What is freemium?
Freemium is a blend of two main words: ‘free’ and ‘premium’. It is a business pricing system of a product when it is offered for free at first to attract users to use the product and later on offer for a premium service for an extra price and you’ll get an advanced, enhanced, or remodeled version of that same product. The concept of freemium as a business strategy, however, is not just adapted to the gaming industries but also most software companies.
Imagine playing a video game, in a world-class arcade or your home, and you get to the last stage, the part where you have to fight with a boss. It’s like anything you haven’t seen before, there are better weapons upgrades, new environments, and insane challenges. Then, you get a pop-up on your screen that you could go no further with the game unless you purchase the entire version of the game. That’s freemium strategy in play.
How freemium works
This business strategy idea works great with products that have a large economic value of purely entertainment contents with a pattern of structured or tiered nature, where the final tier is monetized. If you are a web app developer, you could release your app for download at no extra cost. The initial version would have fewer enhanced features or attributes. Upon continuous usage, the utility would compel your end-users to go for more to achieve satisfaction. It is at this point you place a price to upgrade to the premium version.
Contents that use freemium often use a ‘price tag’ or premium on the enhanced or upgraded version to cover the entire cost of production. Such products could be paid for as the time of usage continues. Most free-to-play games recover their net price when they offer virtual items that are impossible or too slow to purchase with in-game currency but can be instantly bought with real-world money.

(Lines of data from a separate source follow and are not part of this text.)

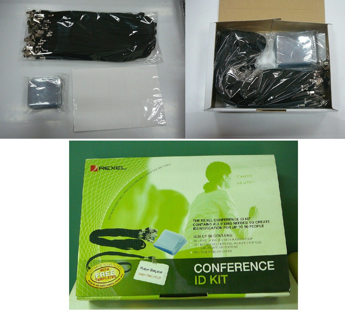 Boc of 60 contains:60-Flat lanyard with aligatpr clip 60-ID card holders pre-punched for use landscape or portrait 50-blank insert cards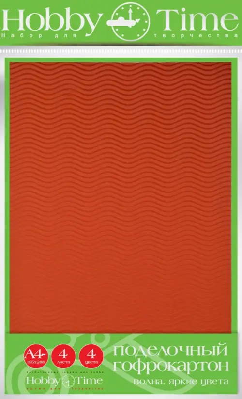 Гофрокартон поделочный. Яркие цвета. Волна, 4 листа, 4 цвета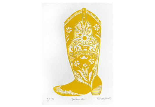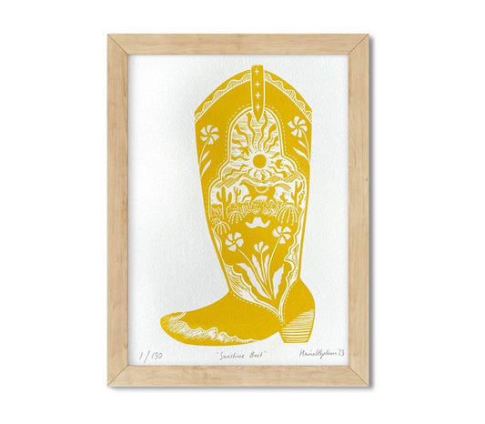 Sunshine Boot - A4 Original Lino Print - Limited Edition (Framed or Unframed)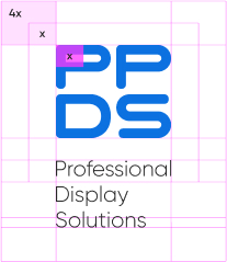 The PPDS wordmark always has a clear space around it. This clear zone is equal to one quarter of the base unit area (x); no text or symbols can appear in this area. When the wordmark is used in combination with other trademarked names the clear zone is equal to the base unit area (4x).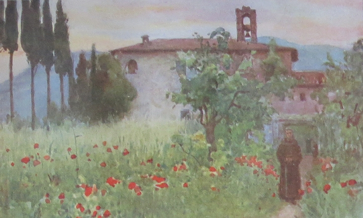 The garden of S. Cosimato seen by Alberto Pisa in ca 1905. This painting is one of a series commissioned to illustrate a Black's Beautiful Book.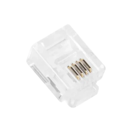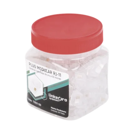 Bote con 100 piezas de plug modular tipo RJ11 de 4 contactos chapado de oro a 50 micras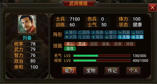 攻心:发动攻击时,可诱使部分敌方伤兵归顺我方。该技能效果会随发动武将的亲和值提升而增强,在亲和达到80、90、95、100时会有显著变化。需要注意的是,此技能对驻守在城关上的部队无法生效。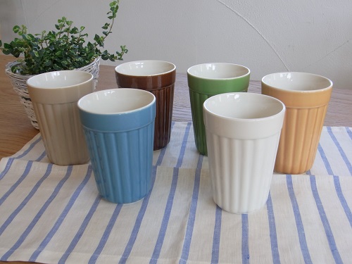 ロリエフカップ(オレンジ・アメ・グリーン・ベージュ・ホワイト・ブルー) 各¥750 + tax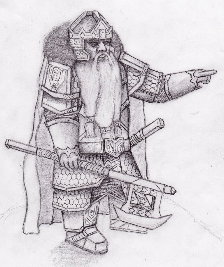 Durin´einer der sieben Zwergenväter. Auf seiner Axt befinden sich die sieben Serne die er im Spiegelsee erblickte! |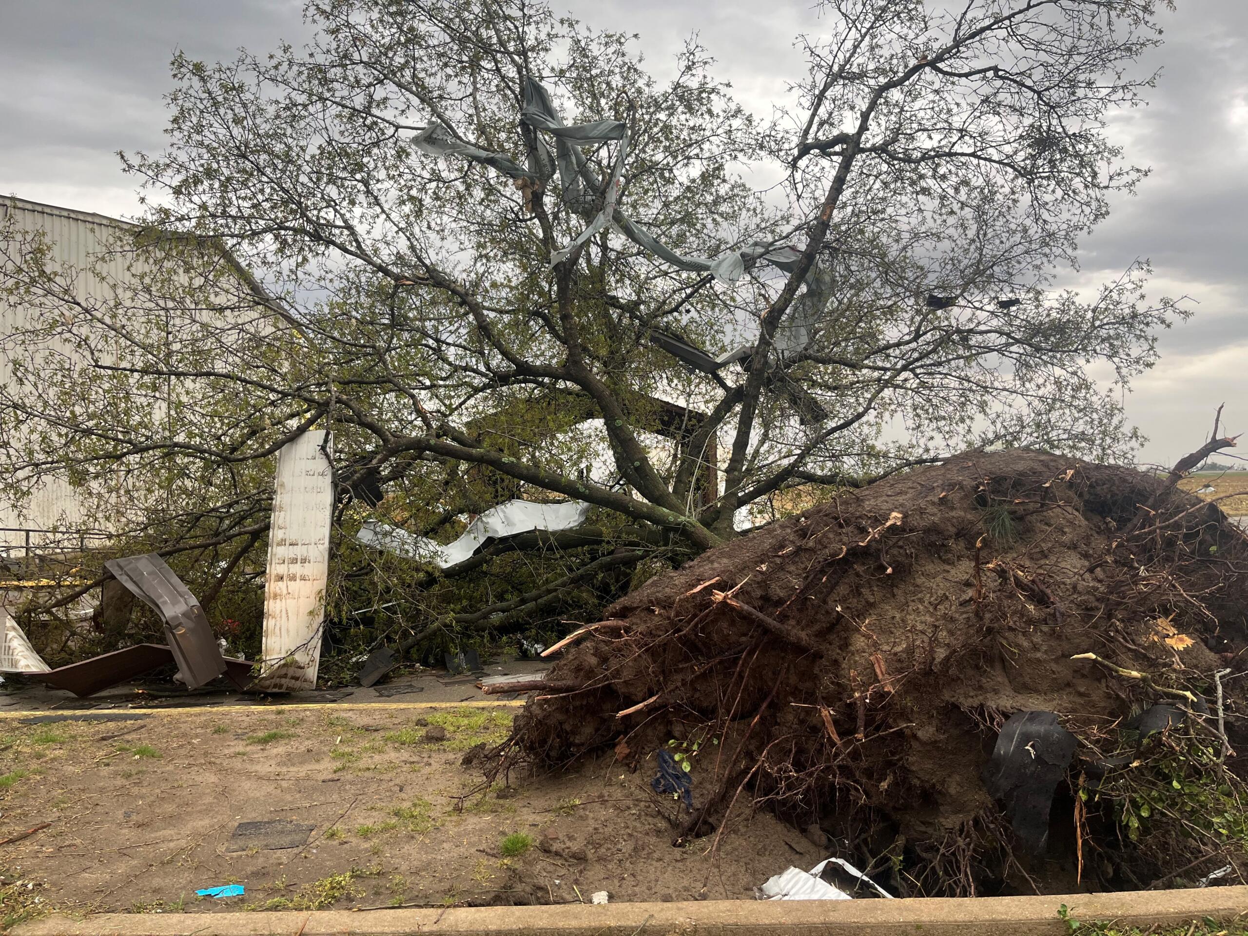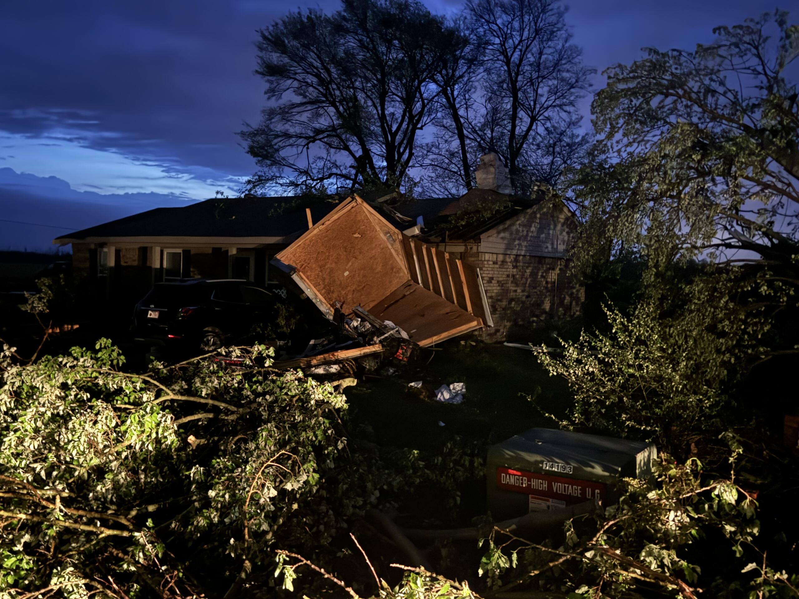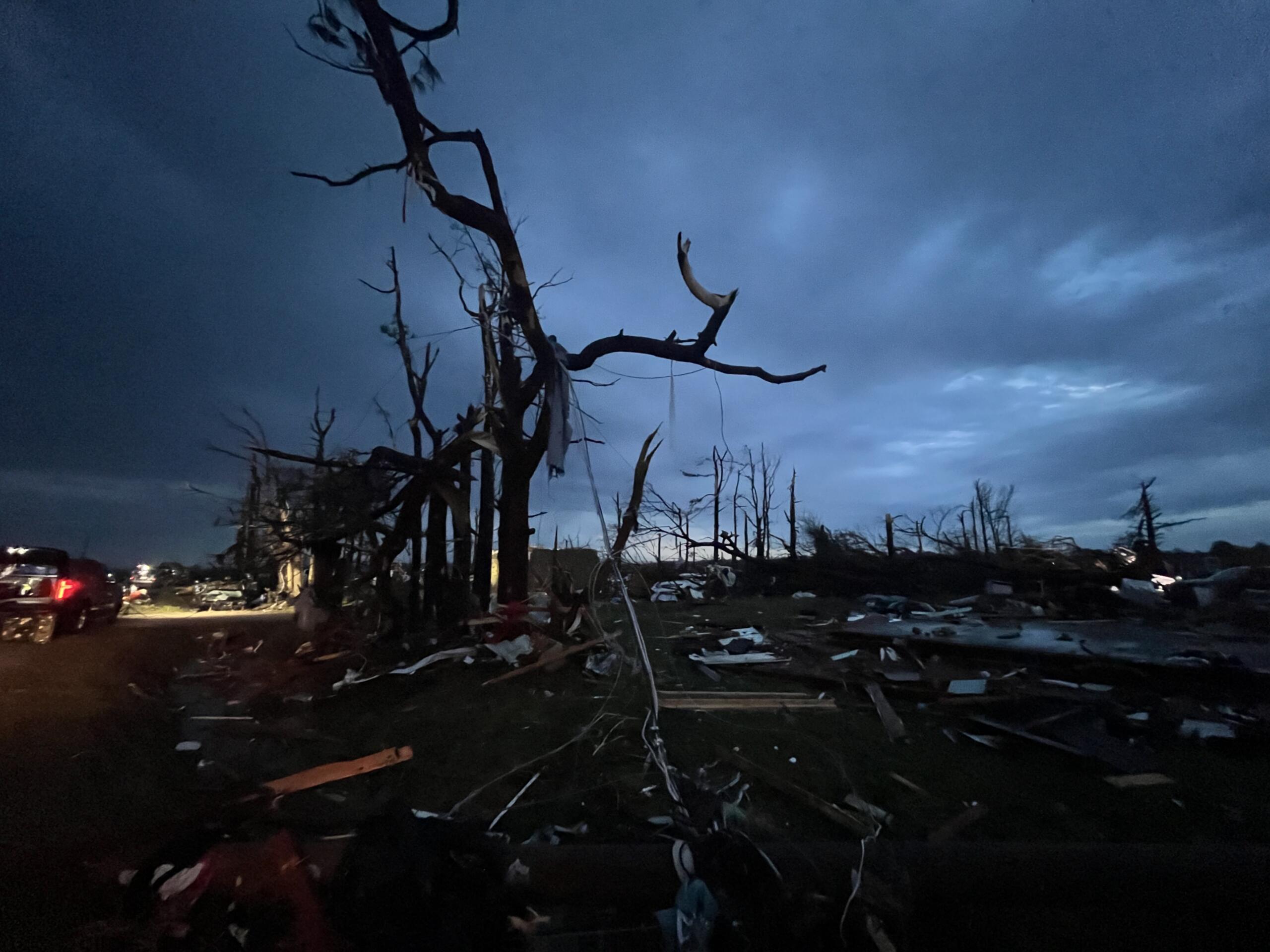 “It was pretty intense. It was loud. That storm shelter, they don’t have a door on it, so we had all kinds of debris and stuff flying in there on us, but it was loud,” Ferguson said.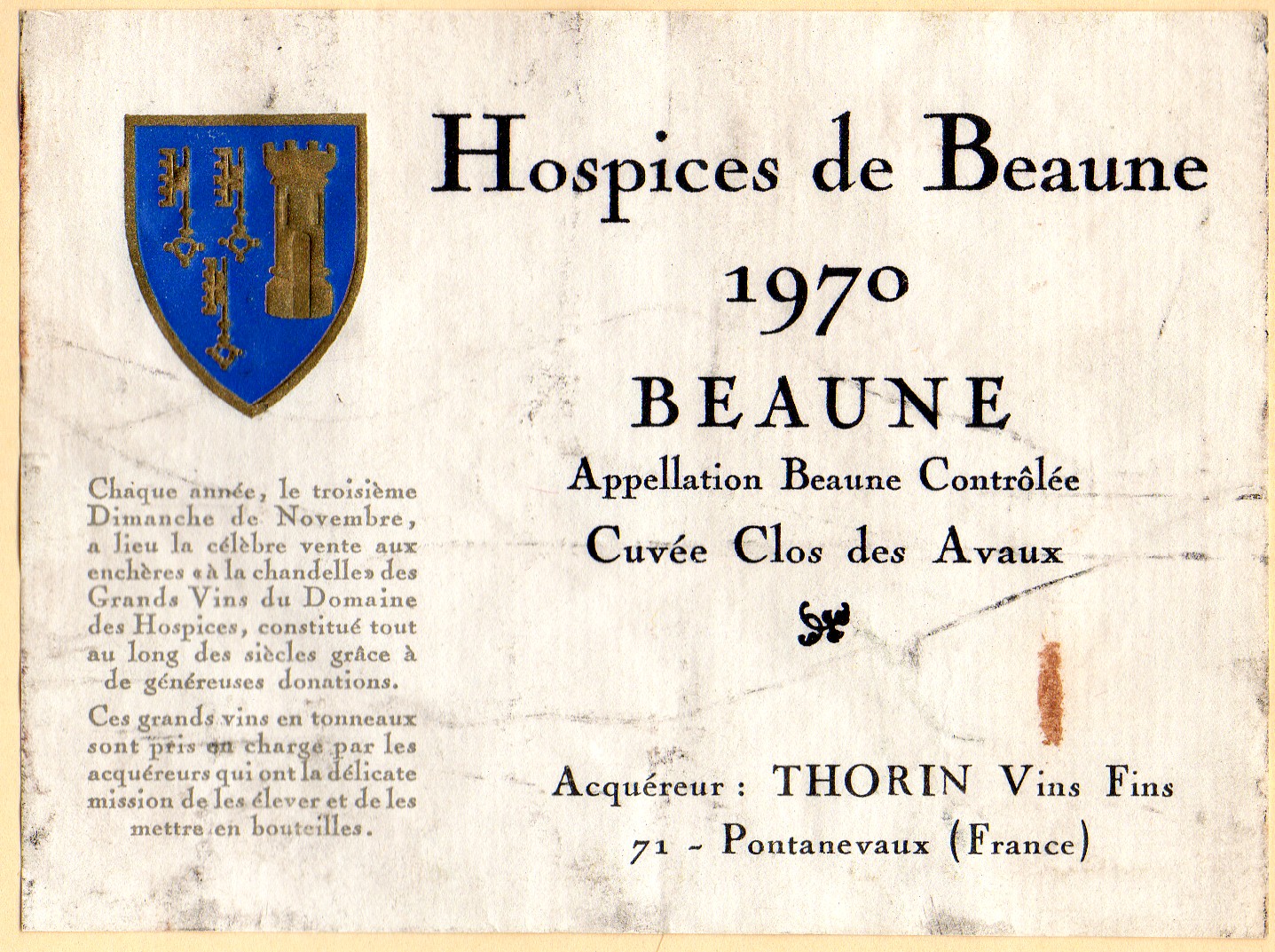 I have had only one bottle of the Hospice de Nuits 1er Cru Cuvee Grainger 1969, and from the vintage you can see that I had it very early in my learning career. I have had a couple different Hospices de Beaune wines; they were also from the same period. I am showing a bottle of Hospices de Beaune Cuvee Clos de Avaux 1970, which is a Premier Cru of Beaune.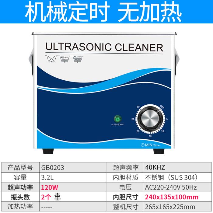 冠博仕GB0203機(jī)械不加熱超聲波清洗機(jī)3.2L容量120W功率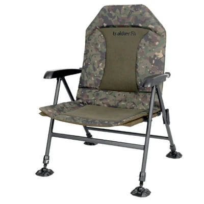 Chaise de pêche inclinable Trakker RLX Recliner - Chaise de pêche haute de Trakker - Dimensions : Hauteur du dossier environ 62cm, Hauteur de l’assise 35-45cm ; Largeur de l’assise 55cm - Poids : environ 5,3 kg - Charge maximale : 130 kg (en utilisation normale) - Matériau : Extérieur 100% polyester - Très confortable grâce à une doublure épaisse - Dossier multipositions pour plus de confort - Très rapide à utiliser, il suffit de le déplier et de se détendre - Quatre pieds réglables avec de grands pieds en terre pour une mise à niveau parfaite - Finition en motif camouflage spécial Trakker Détendez-vous au maximum pendant vos séances avec la gamme RLX de Trakker, conçue pour un confort et un style durables. La dernière génération de lits et de chaises RLX est dotée d’un rembourrage des plus luxueux, d’un soutien là où vous en avez le plus besoin et de possibilités de réglage pour une posture optimale dans toutes les situations que vous êtes susceptible de rencontrer. Avec le motif camouflage Trakker, non seulement vous êtes très confortable, mais vous avez aussi fière allure !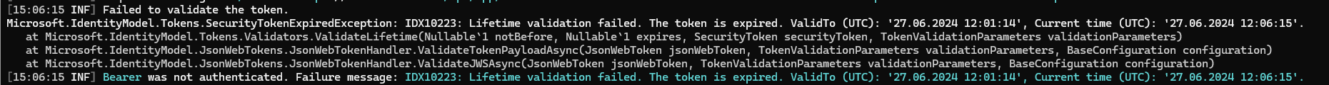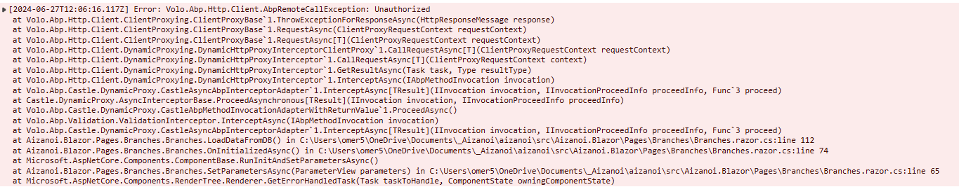 Hi, After access token expire, there is no activity on Blazor UI. At any user activity like navigating a page, a yellow alert appears at the bottom of page. User can not do any activity, until hard reload. Access token lifetime expires regardless of user activity. We expect that user must be sent to login page or token must be refreshed if access token is expired.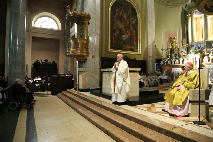 Don Vittorino Zoia ha introdotto i parrocchiani ad una solennità preparata in ogni minimo dettaglio dalla comunità, compresi i canti del bravissimo coro. “Grazie di essere tra noi, presenza di Pastore per la nostra Chiesa -ha detto Don Zoia rivolto all’Arcivescovo Scola– Desideriamo questa celebrazione perché ne abbiamo bisogno, e perché ci farà sicuramente bene”. Con il Parrocco sull’altare, anche altri due sacerdoti della Comunità Pastorale brugherese, Don Alessandro Maggioni e Don Giovanni Reccagni, insieme al Diacono Don Gregorio Josè Simonelli, che diventerà prete a giungo, e a Padre Luigi Peraboni, della Pastorale dei Rom e Sinti della Diocesi di Milano.

Freemium ideas have long been adopted and have been useful in various outlets or business franchises whose products require mass production and a slightly stable price index. They are especially great when complementarity is used with other similar products. In our world today, examples of products with freemium includes;
- Anti-virus software uses the free trial ethics as a rule and the updated, upgraded versions are only sold.
- Gaming software like Nintendo and other free-to-play games uses the demo mode to enfranchise their wares and bolster their unit packages by their quality. Thus consumers or incurable gamers would be forced to run after the real encoded packages.
- Some Microsoftian packages (Microsoft imagine) use this business model.
- Several open-source operating systems like Linux place a premium, however low, on the licensed content with modified features to discourage unscrupulous vandals who go about with the cracked, unlicensed version.
Significance of Freemium
In other business industries, entrepreneurs use freemium models to overcome the loss or merely to cushion the effect of loss by producing massively especially similar batches of the products.
They use it also to reduce the ‘copy-cat phenomenon’, mitigate the piracy index, save the best for the serious users, thereby making some profits to constantly maintain their product/service.
Adopting this freemium model is so popular these days and is a fail-proof marketing strategy to sweep the market as a newbie in the market.